Декарт же решительно назвал седалищем «души» единственную известную ему непарную структуру мозга — шишковидную железу, или эпифиз (рис. 14).
Рис. 14. Гравюра, иллюстрирующая изыскания Рене Декарта, с демонстрацией шишковидной железы.
На самом деле, как мы теперь знаем, эта железа отвечает за выработку серотонина и мелатонина, обеспечивающих регуляцию циклов сна и бодрствования. То есть никакого божественного присутствия. К великому, признаюсь, и моему тоже — сожалению.
Впрочем, в предположении Декарта всё-таки что-то есть…
Информация о свете, которую мы воспринимаем глазом, через множество переходов по мозговым структурам и в самом деле докатывается до эпифиза, который, узнав про свет, начинает вырабатывать серотонин, и в результате мы бодримся.
Если же вокруг нас становится темно, то серотонин в эпифизе начинает перерабатываться в мелатонин, и мы засыпаем. Но как только в шишковидное образование снова придёт информация о свете, железа начнёт восстанавливать серотонин.
В общем, со светом в каком-то смысле шишковидная железа и в самом деле находится в контакте. Однако это точно не тот Божественный Свет, о котором грезил Картезий.
Представить себе, что «мельница» или «муравейник» может думать (переживать, представлять, чувствовать), казалось философам невозможным. Предельный абсурд!
Уверен, впрочем, что так кажется не только мудрейшим людям прошлого, но и подавляющему большинству моих читателей.
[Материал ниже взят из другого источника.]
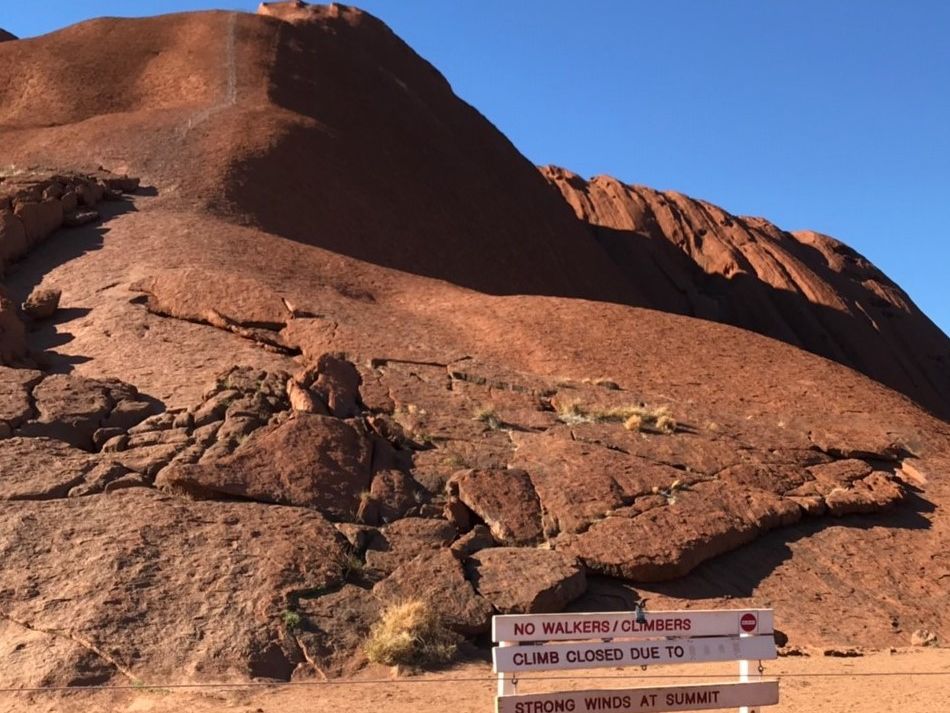 滞在した3日間は雲ひとつない晴天でしたが、それでもウルルの登山中は信じられないほどの風でした。斜面も急でトレッキングシューズ履いてきて本当に良かったです。

Куда легче списать всё на какой-нибудь загадочный эпифиз…
Вы эпифиз видели? Если нет — посмотрите. И всё на этом. Через него наш дух наблюдает за всем, что мы думаем, понимаем, чувствуем, в общем — над чем рефлексируем. Это же так логично!
И разве задались вы естественным вопросом, который должен был возникнуть у вас, когда вы смотрели знаменитый эпизод «Людей в чёрном», где герой Уилла Смита обнаруживает в голове инопланетянина другого инопланетянина?
Нет, не задались? А следовало бы, потому что, если чьей-то головой управляет существо со своей головой, то и в его голове, по идее, тоже должен быть кто-то, кто управляет тем, кто управляет управляемым, — правильно?
В голове инопланетянина — инопланетянин, у которого в голове свой инопланетянин, который, по нисходящей, управляется инопланетянами всё меньшего и меньшего калибра… Один, и ещё один, и ещё, и до бесконечности — нескончаемая матрёшка.
Эту дурную бесконечность в 1991 году системно разоблачил в своей знаменитой книге «Объяснённое сознание» выдающийся философ современности Дэниел Деннет.
Он чётко формулирует эту проблему: если мы с вами на самом деле маленький человечек внутри «картезианского театра», где нам показываются наши собственные мысли, переживания, воспоминания, то что за человечек сидит уже в нашей голове?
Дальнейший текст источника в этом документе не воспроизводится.